Some people would say her attitude was too accepting, but here it is important to perceive the difference between an acceptance of reality and an acceptance of a wrong, much as the two overlap.
In Tina’s case the fact that she died because of a lack of finances was a wrong, and it is right to consider this unacceptable and to make an effort to prevent such a thing from happening again. Her mother however was referring to something different. The key word in her statement was ‘now’, which implies a ‘later’, which is a time when Tina’s mother looks forward to being re-united with her daughter.
It is this that gives her hope and prevents her from falling into a depression.
Louisa Blair, in the Official Publication of the College of Physicians Canada notes that people’s attitude to death and dying depends on their understanding of ‘life and when one believes life begins and ends.’ In other words (and once again) for those who believe that this life is simply one stage in a continuous process and not the end, it is easier to accept the transition, or what we call ‘death’.
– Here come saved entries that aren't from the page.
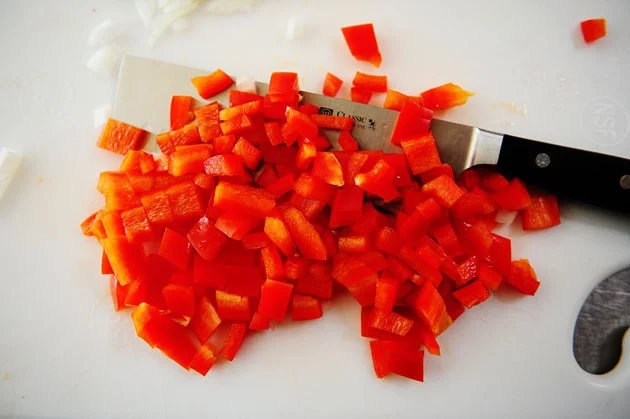 Красный сладкий перец тоже нарежьте кубиками.
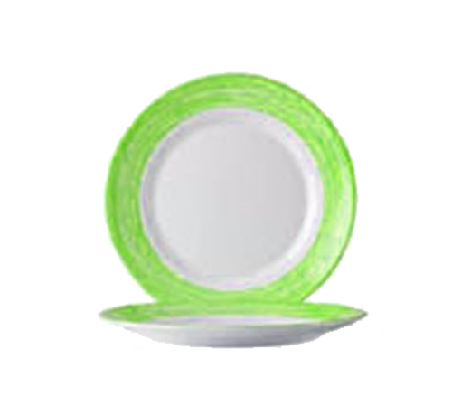 Side Plate, 7-1/2" dia., round, wide rim, fully tempered, microwave safe, glass, Arcoroc, Opal®, Brush Green, white with green rim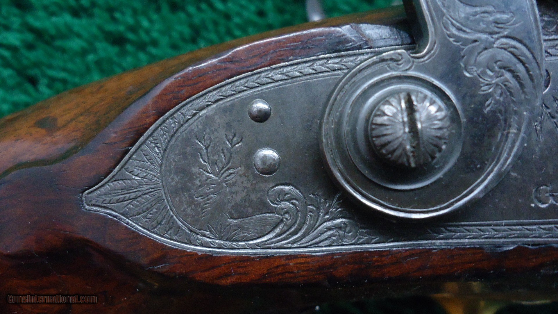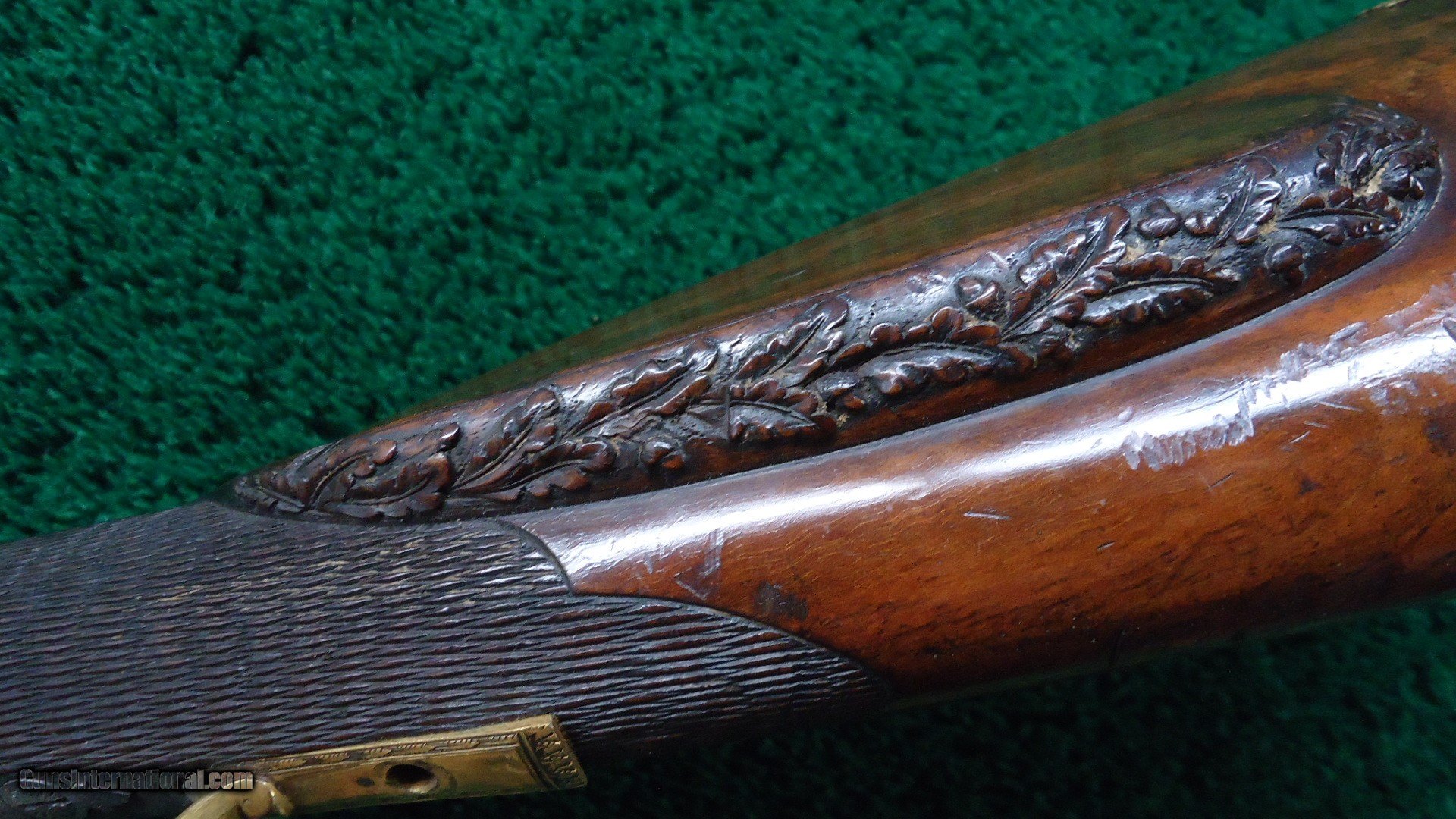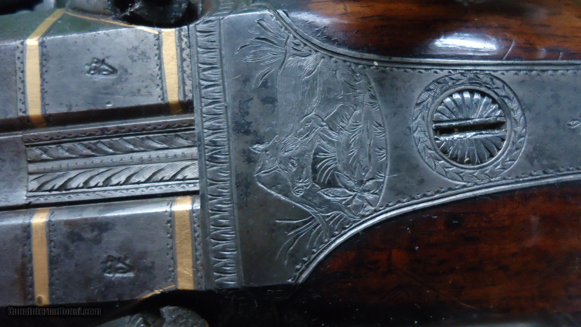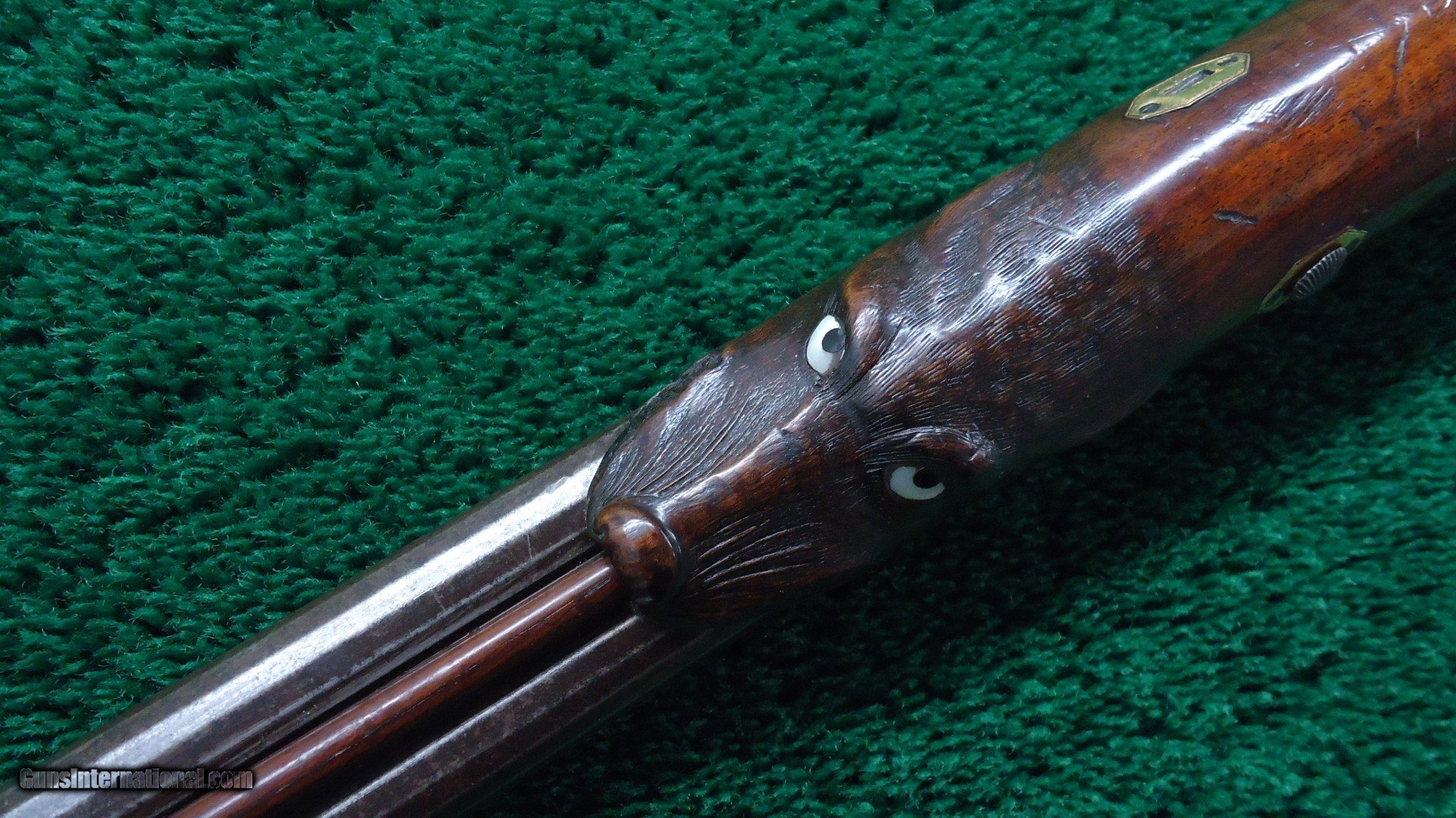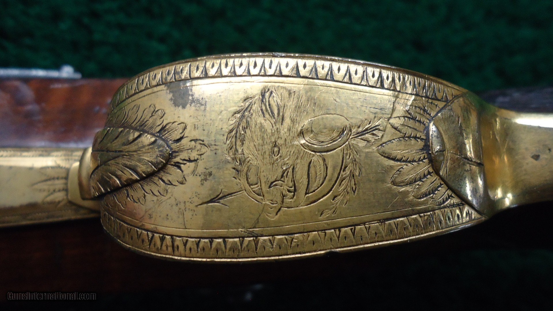 Description: An interesting gun. Wood has most original varnish with some dings and mars. Features a cheek piece that is elaborately carved all around it. Nicely checkered wrist. There is a wolf's head with Mother of Pearl eyes where the ram rod goes into the forearm. The buttplate and trigger guard are gold gilded brass. Side plates have turned a gray color. 30 inch part octagon barrels. Very good bores that are about 16 gauge. Action has a pivoting safety that slides over the nipples. Right lock has had some work done. This good looking gun would make quite the conversation piece. Leroy Merz Antique Firearms specializes in antique and vintage Winchesters and other fine American firearms. Since 1965 Mr. Merz has taken part in the world of firearms and has been a contributor to many well known reference books. We have hundreds of additional guns in every price range at our home online. Search for Merz Antiques in google. SOLD Antique: Yes |
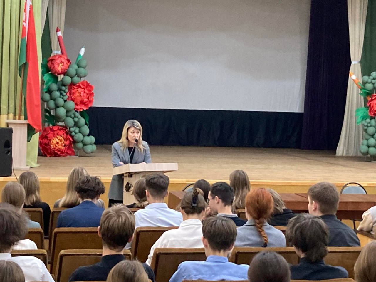 C праздником первоклассников и учащихся одиннадцатых классов поздравили директор школы Дёмина А.В., начальник электросталеплавильного цеха № 1 ОАО «БМЗ –

One of the most peaceful conversations I have had was with someone who had lost her mother that same day. Sitting together, we spoke of her parent, and how she must be doing at that time. The daughter spoke of her mother not as lying lifeless, but as well and joyful, and said that she imagined how wonderful it must be for her mother to be reunited with her husband after she died.
‘She must have been so happy to meet him,’ the daughter said with a smile on her face, and we talked of how much her mother had missed her husband, and how much they had enjoyed each other’s company. I like to believe that the visualisation brought the daughter a degree of happiness, because she spoke also of her mother’s happy reunion with her parents and with a son who had died some years earlier.
Human beings thrive when they look ahead. This applies to societies, which stagnate when they are mired in the past as well as to individuals for whom the thought that a person who dies is only parted from them ‘until we meet again’ is a source of pleasure and comfort.
My father, asked during his final illness about what he was thinking of, replied that he was no longer concerned with those around him, but that his entire attention was fixed on ‘looking ahead’ to meeting his mother who died when he was very young.
It gave me strength, as a parent’s conviction tends to do, that if he looked forward to death, so could I, when the time comes, be comforted by the thought of meeting him again and running the natural course of things.